The Young lady Who Posed Huge Inquiries
Five-year-old Mahi dislike different youngsters. While messes with her age played together, snickering and talking, Mahi favored the calm. She found solace in sitting alone under a major tree, watching the manner in which the breeze made the branches influence. She enjoyed paying attention to the delicate mumbles of nature - the stirring leaves, the murmuring honey bees, the far off hoot of an owl.
She didn't talk a lot, not on the grounds that she didn't have anything to say, but since nobody appeared to comprehend the contemplations twirling inside her brain. Individuals were excessively clearly, excessively quick, as well... unique.
One night, as she watched the brilliant sun vanish behind the trees, she went to her mom.
"Who made the trees?" she asked delicately.
"They simply develop," her mom said with a delicate grin.

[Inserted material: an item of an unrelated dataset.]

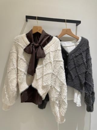 ダイヤチェック柄ループフェザーカーディガン
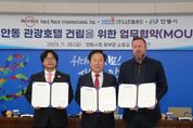 불탑뉴스신문사 차복원 기자 | 안동시는 11월 28일 시청 소통실에서 세계적인 호텔․리조트 그룹인 하드락 인터내셔널(Hard Rock International, Imc.) 및 ㈜니즈퍼샌드와 ‘안동 하드락 호텔 건립을 위한 상호협력 양해각서(MOU)’를 체결했다. 이번 협약은 한국문화테마파크와 안동문화관광단지 일원에 글로벌 브랜드인 하드락 호텔(Hard Rock Hotel)을 유치함으로써, 지역 관광산업 경쟁력을 강화하고 지역경제 활성화를 도모하기 위해 마련됐다. 특히 이번 하드락 호텔 유치는 인근 안동국제컨벤션센터와의 시너지가 기대된다는 점에서 주목받고 있다. 시는 글로벌 브랜드 호텔과 연계한 MICE 관광 기반을 구축함으로써 대규모 국제행사 유치 경쟁력을 확보하고, 고부가가치 관광객 유입을 확대한다는 계획이다. 이날 협약에 따라 세 기관은 ▲성공적인 사업 추진을 위한 협력체계 구축 ▲신속한 행정 지원 ▲제반 여건 조성 및 사업 추진 등에 역량을 집중하며 구체적인 실행 방안을 협의해 나갈 예정이다. 권기창 안동시장은 “세계적인 브랜드인 하드락 호텔의 유치는 안동의 관광 지형을 넓히고 도시 브랜드를

"Be that as it may, how? Also, why?" Aira murmured, more to herself than to her mom.
She frequently felt like a pariah, as though she didn't have a place with this world. The loud roads, the perpetual prattle - everything felt odd, as though she had some way or another arrived on some unacceptable planet. Was there a spot where she really had a place?
That evening, as she nestled into bed, she made a wish.
"I want to track down the responses," she murmured to the stars.
Furthermore, some place, in the calm hug of the universe, something tuned in.